Follow the following steps to start the SenseCraft-Web-Toolkit:

Open the SenseCraft-Web-Toolkit website.
Connect the XIAO to your computer:

Having the XIAO connected, select it as below:

Select the device/Port and press [Connect]:

You can try several Computer Vision models previously uploaded by Seeed Studio. Try them and have fun!

In our case, we will use the blue button at the bottom of the page: [Upload Custom AI Model].

But first, we must download from Edge Impulse Studio our quantized .tflite model.

Go to your project at Edge Impulse Studio, or clone this one:

XIAO-ESP32S3-CAM-Fruits-vs-Veggies-v1-ESP-NN

On Dashboard, download the model (“block output”): Object Detection model - TensorFlow Lite (int8 quantized)

On SenseCraft-Web-Toolkit, use the blue button at the bottom of the page: [Upload Custom AI Model]. A window will pop up. Enter the Model file that you downloaded to your computer from Edge Impulse Studio, choose a Model Name, and enter with labels (ID: Object):

Note that you should use the labels trained on EI Studio, entering them in alphabetic order (in our case: background, bug, fruit).

After a few seconds (or minutes), the model will be uploaded to your device, and the camera image will appear in real-time on the Preview Sector:

The detected objects will be marked (the centroid). You can select the Confidence of your inference cursor Confidence. and IoU, which is used to assess the accuracy of predicted bounding boxes compared to truth bounding boxes

Clicking on the top button (Device Log), you can open a Serial Monitor to follow the inference, as we did with the Arduino IDE.

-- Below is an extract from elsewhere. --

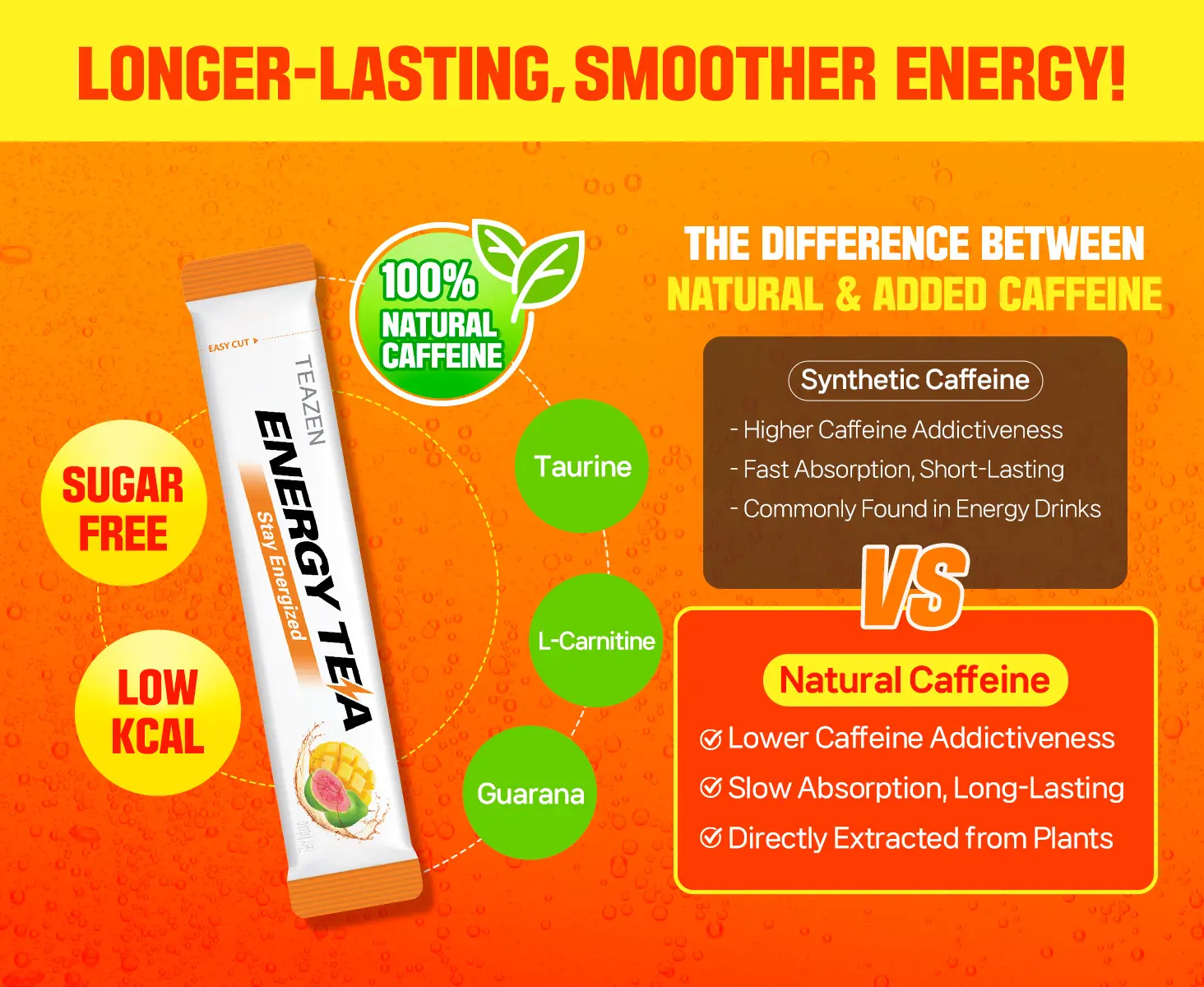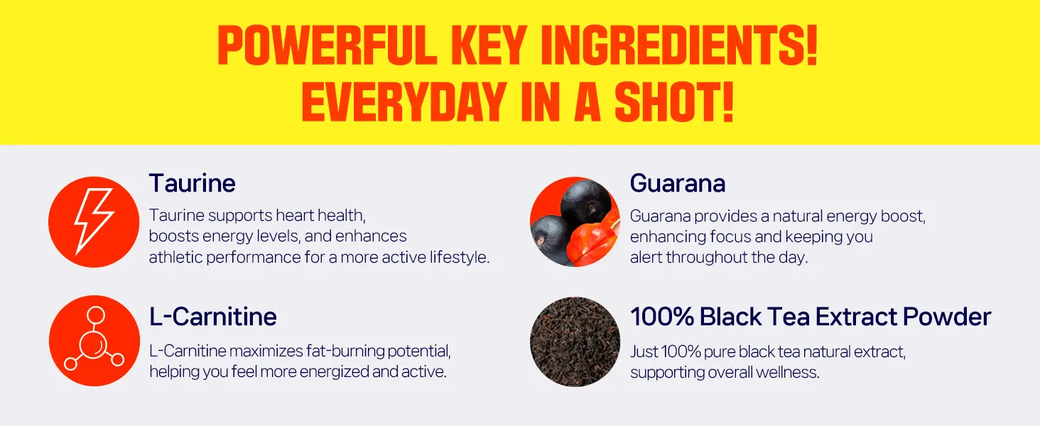 - Guarana provides a steady release of natural caffeine, while black tea extract offers antioxidants and a mild boost. Together, they enhance alertness, improve mental clarity, and deliver long-lasting energy—ideal for work, study, or fitness routines.

On Device Log, you will get information as:

Preprocess time (image capture and Crop): 3 ms;
Inference time (model latency): 115 ms,
Postprocess time (display of the image and marking objects): 1 ms.
Output tensor (boxes), for example, one of the boxes: [[30,150, 20, 20,97, 2]]; where 30,150, 20, 20 are the coordinates of the box (around the centroid); 97 is the inference result, and 2 is the class (in this case 2: fruit)

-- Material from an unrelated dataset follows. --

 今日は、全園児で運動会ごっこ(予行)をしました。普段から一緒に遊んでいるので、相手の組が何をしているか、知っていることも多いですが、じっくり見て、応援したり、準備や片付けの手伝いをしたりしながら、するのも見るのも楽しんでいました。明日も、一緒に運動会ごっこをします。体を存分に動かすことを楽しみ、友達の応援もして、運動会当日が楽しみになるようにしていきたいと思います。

Note that in the above example, we got 5 boxes because none of the fruits got 3 centroids. One solution will be post-processing, where we can aggregate close centroids in one.

Here are other screen shots:

4.5.9 Conclusion

FOMO is a significant leap in the image processing space, as Louis Moreau and Mat Kelcey put it during its launch in 2022:

FOMO is a ground-breaking algorithm that brings real-time object detection, tracking, and counting to microcontrollers for the first time.

Multiple possibilities exist for exploring object detection (and, more precisely, counting them) on embedded devices.